There were an estimated 2 million stillbirths in 2019. The importance of these deaths, both in terms of their overall number and their impact on women, families, health professionals and wider society, is increasingly being recognized. It has also been widely accepted that stillbirths are largely preventable when women have improved access to high-quality care along the continuum from pre-conception to childbirth. While most governments now recognize that stillbirths are mostly preventable, large gaps exist in national- and global-level data on stillbirth. In order to end these unnecessary deaths by 2030, urgent investments are needed to improve the data on this often overlooked aspect of child mortality.
Data and stillbirth
Stronger data allow us to better understand the distribution of the burden of stillbirth and of the closely related burdens of maternal and newborn morbidity and mortality, and to target interventions accordingly. Improvements are not only needed in the collection of data to count and classify these deaths – including birthweight, gestational age and vital status at birth – but also in data that capture the contextual conditions that contribute to stillbirths.
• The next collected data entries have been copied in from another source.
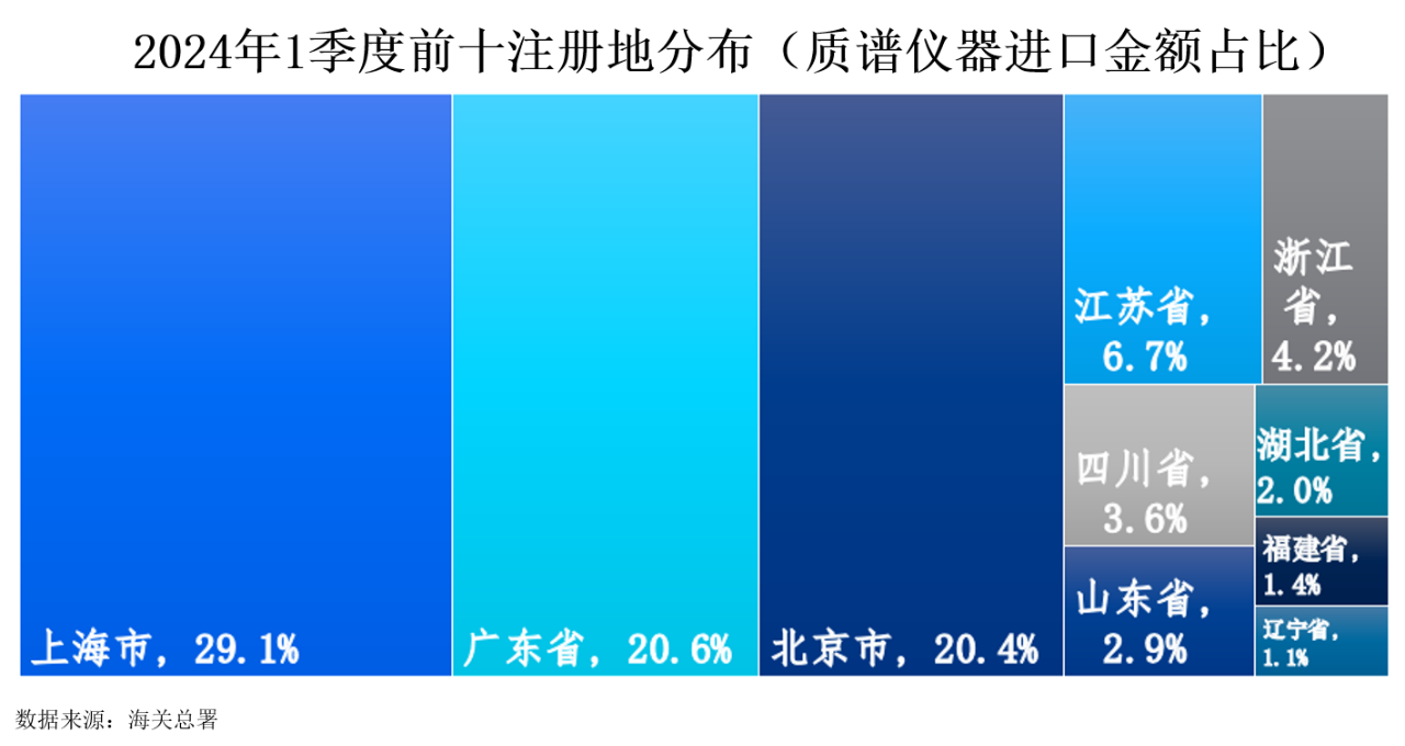 20241季度,中國質譜儀器進口額最高的注冊地依次為上海市、廣東省和北京市,分別以29.1%20.6%20.4%的占比位居前三。緊隨其后的是江蘇省和浙江省,占比分別為6.7%4.2%。四川省、山東省、湖北省、福建省以及遼寧省的進口額占比分別為3.6%2.9%2.0%、1.4%1.1%。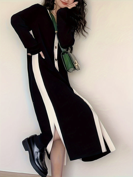 Sixsr Color Block Button Front Dress, Casual Long Sleeve Split Hem Dress, Women's Clothing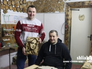 В мастерской Женя проводит занятия по обработке древесины и выжиганию.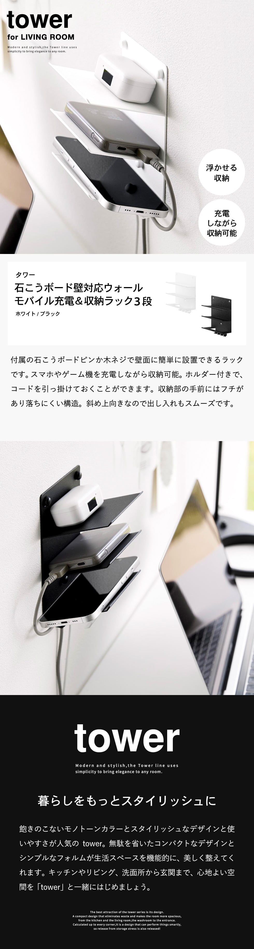 | ウォールモバイル充電&収納ラック タワー 3段 石こうボード壁対応 |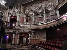 In addition to the Stockport theatre under Revill, Matcham received another commission from Elliston, this time to rebuild the Theatre Royal and Opera House, in Bolton, which had caught fire on 4 January 1888. Elliston's only requirement was for the building to be completed within a 20-week period, which Matcham honoured. The foundation stone was laid by the actor Henry Irving on 17 October, a month before its opening. Owing to the large numbers of people who died in a similar theatre fire in Exeter the previous year, Matcham improved the safety features, such as fireproofing the ceilings and walls; widening and straightening the staircases; using outwardly opening doors; installing hydrants on each floor; and hanging an automatic, fireproof curtain in the auditorium.[37] The interior was decorated in terracotta and gold tints and the seats covered in crimson upholstery.[38]

High-quality comparable data can be utilized in many important ways: They can facilitate review of progress in reducing stillbirths that occur during deliveries at health facilities, allow regional and international comparisons to be made, improve clinical practice and epidemiological and health surveillance, and focus limited programmatic and research funds. Collecting information on timing of stillbirths — whether antepartum or intrapartum – is also an important quality-of-care indicator.
Challenges with data
Several challenges stand in the way of quality and comparable data on stillbirths, including omission of events and misclassification. With regards to omission, stillbirths may be missing from a data system completely, in cases, for instance, where no attempt is made to capture this information. In data systems that seek to reflect information on all births – both live births and stillbirths – births can still be missed for various reasons. These may include low levels of understanding and engagement in stillbirth reporting among health care workers and a failure of data systems to cover birth events among the most marginalized, especially when deliveries take place outside a health facility.
Misclassification of stillbirths as miscarriages or neonatal deaths is common. These errors may be inadvertent or deliberate, to avoid blame or additional paperwork, for example. In addition, inconsistent application of stillbirth definitions can also contribute to misclassification and thus impact comparability of stillbirth data. Including all births, whether live or stillborn, in a single data system is important in light of the substantial misclassification between stillbirths and very early neonatal deaths; while the underlying risk factors, cause of death, and public health interventions to address these deaths are similar, stillbirths are additionally associated with increased maternal morbidity and health care needs that may differ to those of very early neonatal deaths.
Scope of this guideline
This guideline seeks to support two specific audiences: (1) health care workers, to provide guidance on the data elements and indicators needed to collect high quality stillbirth data and data managers/public health professionals at local, regional and national level, to provide guidance on the data required to assess current stillbirth data quality and to execute relevant improvements to these data, thus driving informed policies to end preventable deaths.